Relatively little is known about the contribution of Ca²⁺ dependent and independent mechanisms in the contractility of neonatal smooth muscle. We have therefore studied Ca²⁺ homeostasis and Ca²⁺ sensitization mechanisms in 10-day and adult guinea pig gallbladder smooth muscle to elucidate developmental changes in these processes. Gallbladder contractility was evaluated by isometrical tension recordings from strips, [Ca²⁺ ]i was estimated by epifluorescence microscopy of fura-2 loaded isolated cells and protein expression and phosphorylation was assessed by western blot.

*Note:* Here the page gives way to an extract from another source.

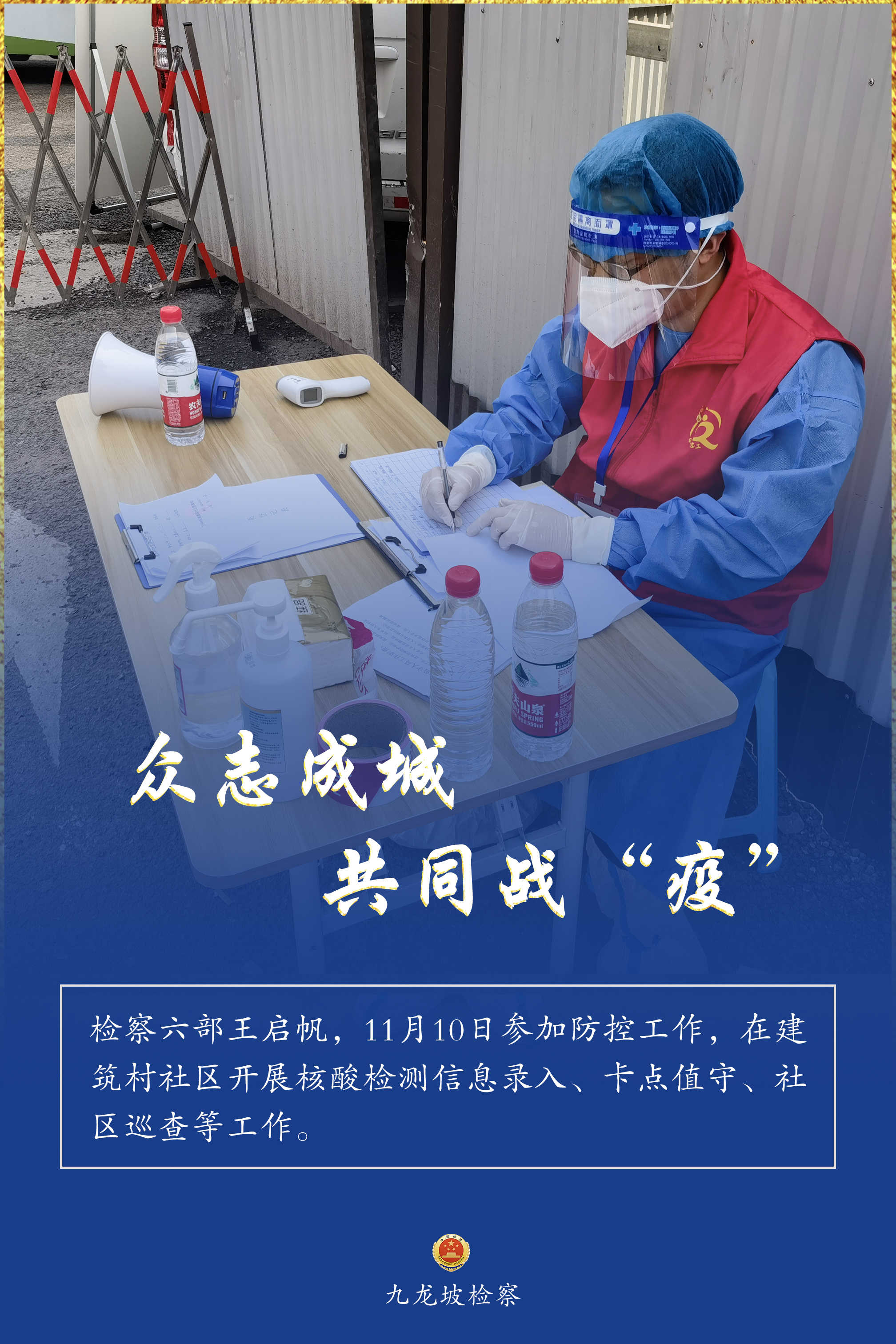连日来,九龙坡区疫情防控形势复杂严峻。九龙坡区检察院疫情防控志愿者们,他们始终坚守一线、不畏险阻,他们的身影活跃在疫情防控的各个环节,与街道、社区工作者们并肩奋战、共同战“疫”,为全区疫情防控工作增添一抹“检察蓝”,用实际行动诠释着检察人的使命担当。

The neonatal gallbladder contracted significantly less to KCl and cholecystokinin (CCK) than adult tissue. KCl-induced impaired contractility correlated with a decrease in Ca²⁺ influx but, surprisingly, CCK-evoked response was associated with increased Ca²⁺ mobilization from intracellular stores, suggesting an impairment in Ca²⁺ sensitization mechanisms. The enhanced Ca²⁺ release in newborn gallbladder was the result of the increase in the size of the releasable Ca²⁺ pool, the decrease in the activity of extrusion mechanisms through plasma membrane and the over-activity of SERCA pump. The reduced Ca²⁺ sensitivity in neonatal tissues was demonstrated by the lack of effects Y27362, an inhibitor of Rho kinase (ROCK) and GF109203X, an inhibitor of protein kinase C (PKC), on agonist-induced contraction. In addition, neonatal gallbladder showed lower levels of RhoA, ROCK, PKC and the two effectors CPI-17 and MYPT1, and the absence of CPI-17 and MYPT1 phosphorylation in response to agonists.

In conclusion, our results indicate that the main mechanisms involved in smooth muscle contractility are under developmental regulation. Supported by BFU2004-0637.